Mary Bridget Luba (born August 20, 1993) is an American professional soccer midfielder who played for Chicago Red Stars in NWSL. She is a graduate of engineering from Marquette University and played collegiate soccer for Marquette Golden Eagles.

==Early life==
Raised in Shorewood, Wisconsin with three older siblings, Luba attended Shorewood High School. Luba is afraid of heights and likes kites.
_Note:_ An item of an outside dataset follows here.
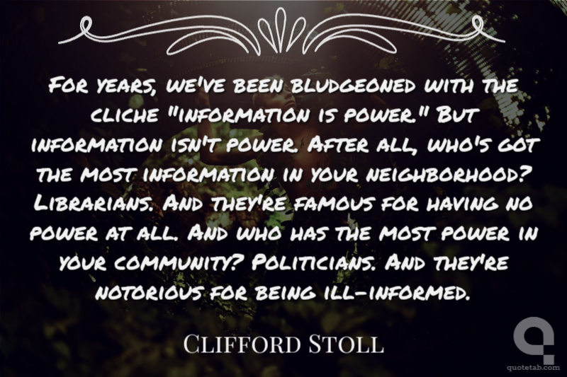 For years, we've been bludgeoned with the cliche "information is power." But information isn't power. After all, who's got the most information in your neighborhood? Librarians. And they're famous for having no power at all. And who has the most power in your community? Politicians. And they're notorious for being ill-informed. Clifford Stoll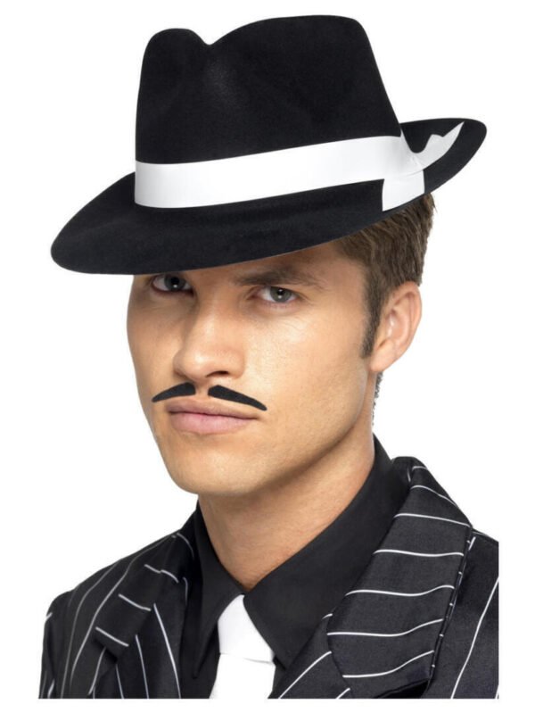 Command the room with our Classic Gangster Al Capone Hat, featuring a sophisticated black flocked finish with a contrasting white band. Ideal for Halloween, costume parties, and historical reenactments.

===Marquette University===
Luba attended Marquette University where she majored in engineering and played for the Golden Eagles in Big East Conference. In 2013, Luba was named to several Big East honorary teams including the Big East All-Academic Team; All-BIG EAST Second Team; NSCAA Women's NCAA Division I All-Northeast Region Third Team; NSCAA Scholar All-North/Central Region First Team; Big East All-Tournament team; and was also named Outstanding Offensive Player of the Big East Tournament.
In 2014, Luba was named to All-Big East First Team, as well as to NSCAA NCAA Division I Women's All-Northeast Region second team.

==Playing career==

===Club===
In 2015, Luba was eligible for National Women's Soccer League college draft. She played for the Chicago Red Stars during the preseason in 2015.

During the regular season while several team members of Chicago Red Stars were away representing United States women's national soccer team at
2015 FIFA Women's World Cup Luba made her debut in National Women's Soccer League. Luba also played for the Chicago Red Stars Reserves team and won the Women's Premier Soccer League national championship in July 2015. On September 2, 2015, Chicago Red Stars announced the signing of Mary Luba for the remainder of 2015 Chicago Red Stars season, just one game before the end of regular season.

In October 2017, Chicago Red Stars waived Luba to make room for Yūki Nagasato on the roster.

==International==
In July 2014, Luba was invited to the training camp of United States under-23 women's national soccer team by coach Steve Swanson.